As many customers were buying the 356 for competition, it was logical to build a production version using this engine. Porsche named this model the Carrera after the companyʼs racing successes in Central America. Fuhrmann proudly drove a pre-production version, but such was the demand for the new Porsche when it was presented at the 1955 Frankfurt Show that he was prevailed upon to give it up as a demonstrator. When a customer wrecked it, Ferry intervened to ensure that as a replacement his engineer got the original Frankfurt show car, complete with chromed wheels, a measure of the esteem in which he held his fellow Austrian.
Fuhrmann was a man of exceptional energy and ambition: it was said that if he could not obtain components he needed for development projects from the factory at Zuffenhausen, he would go out to one of Stuttgartʼs many engineering firms and buy parts out of his own pocket. Finally the frustrations evidently became too much when in 1956 Klaus von Rücker was appointed technical director, a post that Fuhrmann believed that after a decade at Porsche should be his. He resigned.
He would not remain unemployed for long: one of the enthusiastic Porsche Carrera driving privateers was Rolf Goetze, head of the piston ring and engine parts maker. Both Fuhrmannʼs engine and the man himself had impressed Goetze and he invited the Austrian to join his company where within a relatively short time he would become technical director.

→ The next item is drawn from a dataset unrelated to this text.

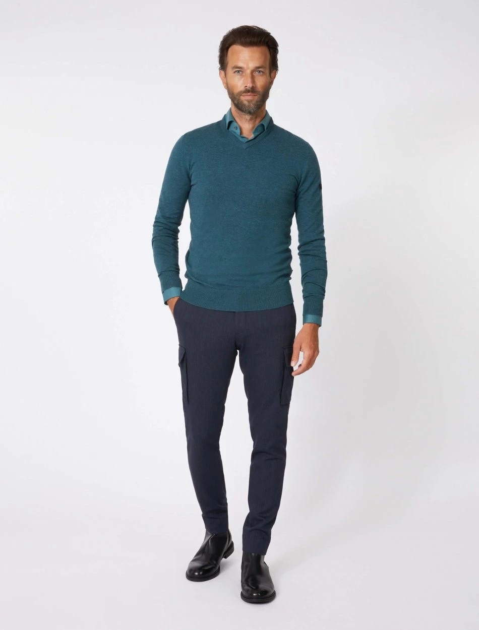 Een echte klassieker en onmisbaar voor elke man: de Tomasso V-neck trui is gemaakt van een comfortabele katoenmix, wat zorgt voor een aangenaam draagcomfort en een ideale pasvorm. De trui heeft een v-hals en is geschikt voor een casual combinatie met een jeans. Of ga voor een meer stijlvolle look en combineer de trui met een pantalon. De trui is verkrijgbaar in meerdere kleuren.

Porsche at that time was still managed by its owners, essentially Ferry and his sister Louise Piëch. Family-run concerns are prone to disagreements, as the pair discovered, and the problems of integrating each of Ferryʼs and Louiseʼs children in the family firm simply worsened as the 1960s wore on. In 1970 the ruling families elected to bring in professional, third party management at Porsche to end the automatic right of family members to positions of authority in the firm.
These appointments had caused often paralysing internecine warfare, particularly the differences between Ferry Porsche and his turbulent nephew Ferdinand Piëch. To lead this new team of managers, Ferry thought of his erstwhile colleague Ernst Fuhrmann.
He knew through the grapevine that Fuhrmann had fallen out with Goetze and no longer worked there. To see how interested his fellow Austrian might be in returning to Porsche, Ferry deputed Helmut Bott and Ferdinand Piëch to find out. The pair drove to Fuhrmannʼs home at Teufenbach in southern Austria and made Fuhrmann an attractive offer: Ferry would stand back to become chairman of the supervisory board of the new Porsche AG and Fuhrmann would be technical director, with R&D at Weissach and production at Zuffenhausen under his authority. The experienced and reliable Helmuth Bott would be his second in command. Fuhrmann accepted: this was a far bigger promotion than he had aspired to in 1956, as he told writer and historian Randy Leffingwell 20 years later:
“The telephone rang: it was Helmuth Bott asking whether he and Piëch could pay me a visit. They showed me designs for new cars. I had nothing else to do: the position was
simple, easy to handle. It was nothing complicated.ʼ
Dr Fuhrmann, the only Porsche CEO who has ever been a ʻtotal car nutʼ, according to his former assistant, Tilman Brodbeck who knew all the CEOS up to Wiedeking well, was as interested in the racing scene as in technical development: for him the hothouse engineering of competition cars improved the breed and early Porsche archive pictures show him at Schauinsland and Le Mans with Porsche clients.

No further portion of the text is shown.